Delayed Relief

Last night I was up late. I was working myself down from a surprise adrenaline spike – a forgotten alert/reminder set back in my work days “pinged” at me about an approaching due date and for a few moments I was back in the headspace of untouchable stress.

I had an immediate “holy crap a huge deadline is due soon and I am totally unprepared!!!!!” panic reaction. And then, of course, I realized that deadline is no longer in my life. That job and almost all of its associated stress is a thing of the past.

What a relief, four months later.

The adrenaline lasted longer than the realization so I was awake for a while, marinating. For a while I wondered about the people who took over that big project, and how they were coping with a deadline looming. Then I wondered about the organization as a whole, and where it was headed. For a few minutes I imagined what would have needed to change for it to be a healthy place for me to stay. Then I started thinking about art projects and the storm had passed.

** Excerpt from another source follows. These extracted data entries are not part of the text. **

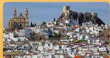
OLVERA (RUTA PUEBLOS BLANCOS)
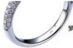
梦幻系列 - JAFF
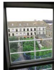
Le site s'étend sur près de 15000m 2 .

Pensé en partenariat avec la coopérative Le Lab – avec laquelle un protocole a été signé le 14 février dernier –, l'espace central de la Manufacture, sur encore en travaux, a connu
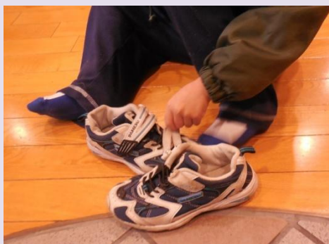
マジックテープをはがす
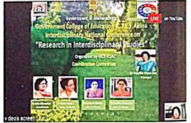
ररुषुडर चरुकरसुतुर - २०२० सडनुडर सदसुडर
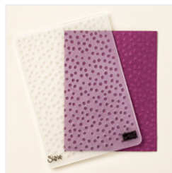
Decorative Dots Textured Impressions Embossing Folder - 133520
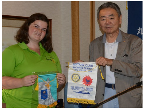
バナー交換(アビーさん)
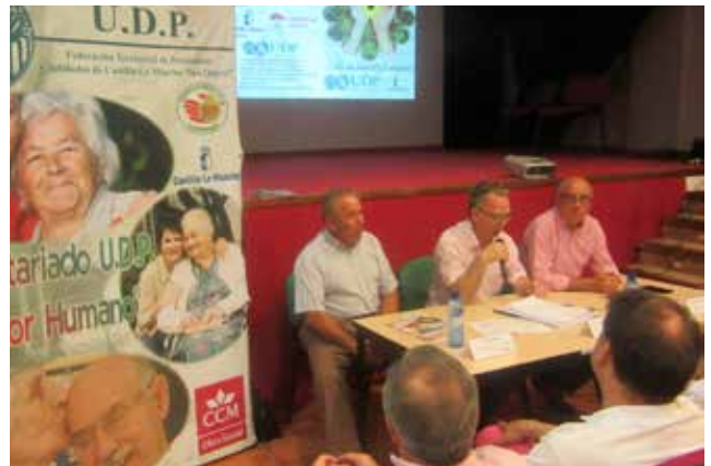
Torre de Juan Abad
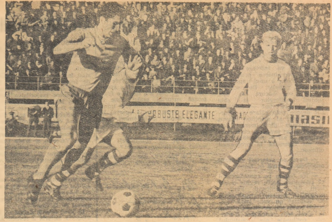
Dridea conduce balonul, sub privirile rapidiștilor Dinu și Bungău. O nouă acțiune care se va opri, ca și celelalte, la marginea careului de 16 m.
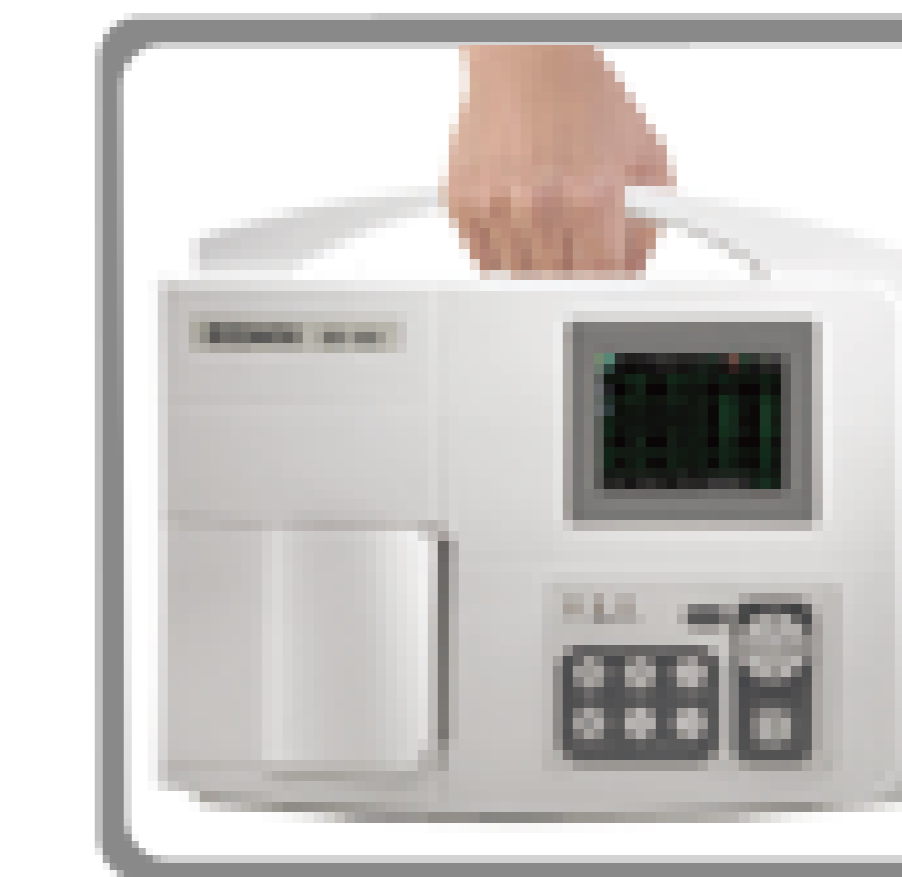
Diseño Portátil (Manejo Opcional)

There’s been so much else happening in my life that I haven’t given much thought to where I’d be if I was still at the old place. It was bracing to realize how significantly that one (significant) step changed so much. With one swoop, 90% of the unmanageable stress in my life dropped out and with it, all the things I was doing to try to mitigate that stress.

It matters to me that you know there’s still stressors. Quitting my day job didnt magically make everything I encounter breathtakingly simple. What it did to was give me back the ability to control what I am committed to. It gave me a level of agency in my own life, which I needed. Most importantly, it allowed me to regain the notion that my mental well-being MATTERS to the work I do.

I’ve smiled and laughed more in the last three months than I did in the whole year previously. I can spend regular, pleasant, non-angsty time with Hubs every day. Meals are no longer a chore or an escape. The pets are quirky and hilarious instead of smelly and annoying. My dining room table is clear of accumulated junk for the first time in almost a year.

Life is better, much better. Its good to be reminded of it.

I finally fell asleep in the wee hours of the morning, with a smile on my face.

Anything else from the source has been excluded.